The Basics of Photography
Beginning in the world of advanced photography today can appear to be overpowering. Our advanced SLRs have more buttons, dials, and menu choices than any person can sensibly be relied upon to keep a track of.
There are only three things that you need to learn to understand photography. Once you understand these three basic of photography, and how they relate to each other, you’ll only be limited by your creativity and desire to practice. These things are:
- Shutter Speed
- ISO / Film Speed
That is it. When you see how these things influence your pictures and how they relate to each other, everything else just becomes all-good. Every one of these three components influences your picture in two different ways: one is physical, and one is creative.

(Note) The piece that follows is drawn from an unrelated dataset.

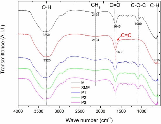 | Samples | Main Groups Functional | Wave Number (cm−1) |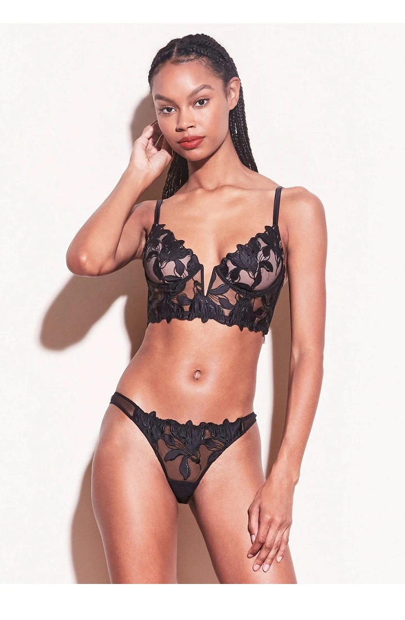Глубокий v-образный вырез, Цветочная вышивка, чувственный комплект ...

In photography, shutter speed or exposure time is the period when the film or advanced sensor inside the camera is presented to light, additionally when a camera’s screen is open when snapping a picture.
The amount of light that reaches the film or image sensor is proportional to the exposure time. 1⁄500 of a second will let half as much light in as 1⁄250.
From a creative perspective, the effect of shutter speed is also pretty easy to understand. Since the sensor is exposed to light for as long as the shutter is open, it records an image of how far the subject moves during that time. A human can move quite a bit during one second, or even a half-second, so a 1 or 1/2 second shutter speed will record a blurry image of a moving person. On the other hand, even the fastest person can’t move very far in 1/1000th of a second, so that shutter speed will be great for stopping action.
Not as many people are familiar with what a camera’s aperture is, but there’s nothing difficult about it, either, once you see what it is. If you look into an SLR lens, you’ll see a set of blades that form a hole in the middle to let light pass through. That hole is the aperture, and the lens can move those blades to make the hole smaller or larger. The larger the hole, the more light gets through. Your camera’s aperture control, then, is another way to change how much light gets to the sensor. In photography, an aperture is measured in units called F-numbers, F-stops or whatever else with this F-. Without going into details about what exactly this F- is (I would need to look it up myself to explain, physics again), all you really need to know is the following. The smaller the F-number is, the larger the aperture hole is, and the more light reaches the sensor. From now on by “large aperture” I will mean a large aperture hole (and a small F-number), and vice versa by “small aperture”.
ISO is the amount of sensitivity toward the light entering into the lens. The higher the ISO setting on your camera, the higher the sensitivity will be. The lower the ISO setting on your camera, the lower the sensitivity. Too much ISO sensitivity causes the photo to be grainy and washed out. Lower ISO can cause a photo to be very dark or the colors to look faded. (ISO stands for “International Organization for Standardization,” which is an organization that standardized a system to measure the sensitivity of film rolls. This has been adapted into digital cameras without much change.)
You, as a photographer, decide the right exposure configuration. Modern cameras in automatic mode provide you with a (usually good) proposal: an aperture and shutter speed combination achieving the right exposure. Depending on your goals, you evaluate this combination.